Ausdrücklich möchten sie auch Görlitzer dazu ermuntern, dort einzukaufen und so die kulinarische Kultur ihrer Heimat kennenzulernen. Geöffnet hat das „Fischka“ täglich von 10 bis 19 Uhr, außer sonntags. Wenn es nach ihnen gegangen wäre und es hierzulande erlaubt wäre, hätten sie gerne auch am Sonntag geöffnet, sagt Olga Moiseeva. Überhaupt: „So eine lange Zeit keine Arbeit zu haben, das war für uns das Schlimmste. Aber wir sind froh, dass es in dieser Zeit Möglichkeiten der Unterstützung gab.“ Auch ohne die Verwandtschaft in der Heimat hätten sie es nicht geschafft, die Eltern des Mannes hätten die Eröffnung des Feinkostladens in Deutschland finanziell mit ermöglicht.

In den Räumen des ukrainischen Feinkostladens Fischka an der Hospitalstraße 10 war früher ein Floristen-Atelier untergebracht, später ein anderes ausländisches Lebensmittel-Geschäft. Zuletzt standen die Räume länger leer.
In den Räumen des ukrainischen Feinkostladens Fischka an der Hospitalstraße 10 war früher ein Floristen-Atelier untergebracht, später ein anderes ausländisches Lebensmittel-Geschäft. Zuletzt standen die Räume länger leer.
Quelle: Martin Schneider

Olga Moiseeva steht weiter hinter der Fischtheke und erklärt Kunden, welche Waren es gibt. Mit ihrem Geschäft haben sie noch viel vor, erzählt sie: Das Sortiment erweitern, mehr Produkte hinzunehmen, vor allem mehr Fisch, aber auch noch mehr abgepackte ukrainische Süßigkeiten, Fruchtsäfte oder Bier, welches man in Görlitz sonst nirgends oder schwer bekomme. Dann soll die Inneneinrichtung erweitert werden, etwas mehr Deko hier, eine zweite Kühltheke dort. Bei dem einen Laden solle es nicht bleiben, später sollen noch Filialen in Cottbus und Dresden folgen.

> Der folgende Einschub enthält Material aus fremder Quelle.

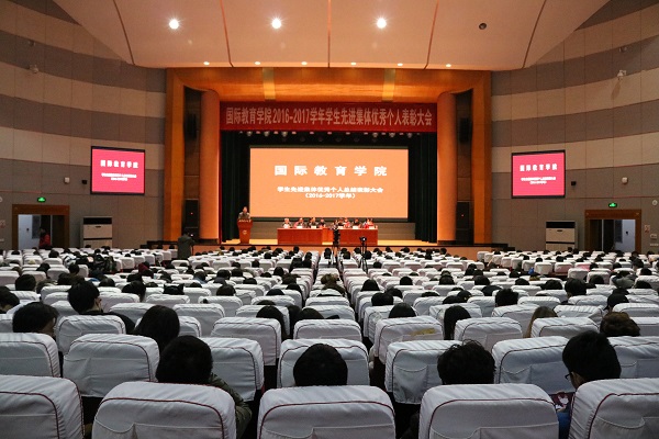 12月16日,国际教育学院2016-2017学年学生先进集体、优秀个人总结表彰大会在西院大礼堂隆重举行。黄小勇院长、徐向农书记、戴福祥副院长、李凌副院长、方胜新副书记以及学院各部门负责人作为领导和嘉宾代表出席了会议。参加本次表彰大会的还有学院师生代表及相关工作人员,活动现场气氛热烈,师生精神饱满。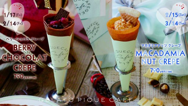 株式会社マッシュフーズ(代表取締役社長:雨宮 龍、本社:東京都千代田区)が運営する「gelato pique cafe(ジェラート ピケ カフェ)」グループでは、2020年1月17日(金)よりバレンタイン限定、2月15日(土)よりホワイトデー限定のクレープを販売します。

Die Mutter hat als Inhaberin über all dem die Obhut. Alle weiteren Familienmitglieder helfen aus oder mit: Kseniia Moiseeva verkauft und übersetzt ins Deutsche, der 16-jährige Sohn Timofei unterstützt beim Tragen besonders schwerer Waren und bringt den Müll raus. Der Mann kümmert sich um die Lieferanten und um das Sortiment, sucht geeignete Produkte raus. „Sogar meine kleine Schwester Kira hilft manchmal mit“, sagt Kseniia Moiseeva und lacht. Die dreieinhalbjährige klebt fleißig die kleinen Preisschilder an die Regale.